§ Problem to solve
Output the line that contains "Протокол матча Мьельбю против Далкурд" and each line after it in the listing, exactly as they appear, through the very last line.

§ Data to process

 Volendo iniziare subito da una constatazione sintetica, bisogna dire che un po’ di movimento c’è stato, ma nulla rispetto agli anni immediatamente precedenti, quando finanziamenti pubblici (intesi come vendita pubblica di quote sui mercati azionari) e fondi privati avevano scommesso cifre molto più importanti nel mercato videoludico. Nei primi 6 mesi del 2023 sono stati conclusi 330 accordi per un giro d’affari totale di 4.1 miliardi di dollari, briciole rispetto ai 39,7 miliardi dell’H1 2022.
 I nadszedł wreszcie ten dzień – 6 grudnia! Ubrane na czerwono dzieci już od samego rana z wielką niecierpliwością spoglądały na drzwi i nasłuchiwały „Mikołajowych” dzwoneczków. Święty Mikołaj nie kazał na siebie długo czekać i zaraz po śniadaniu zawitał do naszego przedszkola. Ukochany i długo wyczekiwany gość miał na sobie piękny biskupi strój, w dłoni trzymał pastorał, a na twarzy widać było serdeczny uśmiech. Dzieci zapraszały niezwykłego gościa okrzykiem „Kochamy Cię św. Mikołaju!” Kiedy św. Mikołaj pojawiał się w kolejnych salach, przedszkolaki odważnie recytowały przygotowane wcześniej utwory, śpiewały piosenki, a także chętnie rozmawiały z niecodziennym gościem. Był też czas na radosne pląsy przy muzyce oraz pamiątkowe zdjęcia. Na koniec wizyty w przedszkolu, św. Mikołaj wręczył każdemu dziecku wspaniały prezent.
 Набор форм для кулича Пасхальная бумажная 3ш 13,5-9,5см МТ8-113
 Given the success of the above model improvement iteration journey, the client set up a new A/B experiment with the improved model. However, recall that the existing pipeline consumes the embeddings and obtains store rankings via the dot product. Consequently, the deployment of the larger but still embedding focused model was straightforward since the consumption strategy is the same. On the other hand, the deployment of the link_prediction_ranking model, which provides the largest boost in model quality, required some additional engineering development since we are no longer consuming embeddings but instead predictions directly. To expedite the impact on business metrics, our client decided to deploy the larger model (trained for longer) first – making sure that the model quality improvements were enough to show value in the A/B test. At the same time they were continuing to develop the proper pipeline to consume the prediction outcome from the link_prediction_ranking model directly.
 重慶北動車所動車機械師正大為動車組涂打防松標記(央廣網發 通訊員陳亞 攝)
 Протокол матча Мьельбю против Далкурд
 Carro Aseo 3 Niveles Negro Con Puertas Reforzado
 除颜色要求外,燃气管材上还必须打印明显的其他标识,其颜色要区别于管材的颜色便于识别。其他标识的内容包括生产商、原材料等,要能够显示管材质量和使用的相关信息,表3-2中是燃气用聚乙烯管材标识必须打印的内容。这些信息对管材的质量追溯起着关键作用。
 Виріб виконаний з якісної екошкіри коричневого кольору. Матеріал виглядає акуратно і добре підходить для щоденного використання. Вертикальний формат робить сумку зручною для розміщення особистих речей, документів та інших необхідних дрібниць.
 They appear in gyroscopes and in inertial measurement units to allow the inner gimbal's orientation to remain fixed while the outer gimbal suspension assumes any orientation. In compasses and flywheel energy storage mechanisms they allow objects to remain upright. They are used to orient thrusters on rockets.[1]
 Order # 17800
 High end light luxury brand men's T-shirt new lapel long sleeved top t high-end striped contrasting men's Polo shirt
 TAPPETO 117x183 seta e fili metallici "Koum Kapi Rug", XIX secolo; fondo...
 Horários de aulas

§ Reply
 Протокол матча Мьельбю против Далкурд
 Carro Aseo 3 Niveles Negro Con Puertas Reforzado
 除颜色要求外,燃气管材上还必须打印明显的其他标识,其颜色要区别于管材的颜色便于识别。其他标识的内容包括生产商、原材料等,要能够显示管材质量和使用的相关信息,表3-2中是燃气用聚乙烯管材标识必须打印的内容。这些信息对管材的质量追溯起着关键作用。
 Виріб виконаний з якісної екошкіри коричневого кольору. Матеріал виглядає акуратно і добре підходить для щоденного використання. Вертикальний формат робить сумку зручною для розміщення особистих речей, документів та інших необхідних дрібниць.
 They appear in gyroscopes and in inertial measurement units to allow the inner gimbal's orientation to remain fixed while the outer gimbal suspension assumes any orientation. In compasses and flywheel energy storage mechanisms they allow objects to remain upright. They are used to orient thrusters on rockets.[1]
 Order # 17800
 High end light luxury brand men's T-shirt new lapel long sleeved top t high-end striped contrasting men's Polo shirt
 TAPPETO 117x183 seta e fili metallici "Koum Kapi Rug", XIX secolo; fondo...
 Horários de aulas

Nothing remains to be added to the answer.